An All-American team is an honorary sports team composed of the best amateur players of a specific season for each team position—who in turn are given the honorific "All-America" and typically referred to as "All-American athletes", or simply "All-Americans". Although the honorees generally do not compete together as a unit, the term is used in U.S. team sports to refer to players who are selected by members of the national media. Walter Camp selected the first All-America team in the early days of American football in 1889. The 2022 NCAA Men's Basketball All-Americans are honorary lists that include All-American selections from the Associated Press (AP), the United States Basketball Writers Association (USBWA), Sporting News (SN), and the National Association of Basketball Coaches (NABC) for the 2021–22 NCAA Division I men's basketball season. All selectors choose three teams, while AP and USBWA also list honorable mention selections.

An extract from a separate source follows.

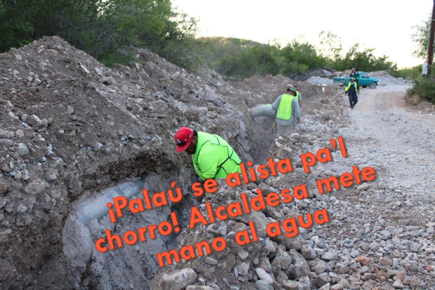 En una visita con sombrero y botines puestos, la presidenta municipal de Múzquiz, Laura Jiménez, llegó a supervisar el avance del cambio de tubería en la comunidad de Palaú. La obra busca que los vecinos dejen de batallar con el desabasto.

The Consensus 2022 College Basketball All-American team was determined by aggregating the results of the four major All-American teams as determined by the National Collegiate Athletic Association (NCAA). Since United Press International was replaced by SN in 1997, the four major selectors have been the aforementioned ones. AP has been a selector since 1948, NABC since 1957 and USBWA since 1960. To earn "consensus" status, a player must win honors based on a point system computed from the four different all-America teams. The point system consists of three points for first team, two points for second team and one point for third team. No honorable mention or fourth team or lower are used in the computation. The top five totals plus ties are first team and the next five plus ties are second team.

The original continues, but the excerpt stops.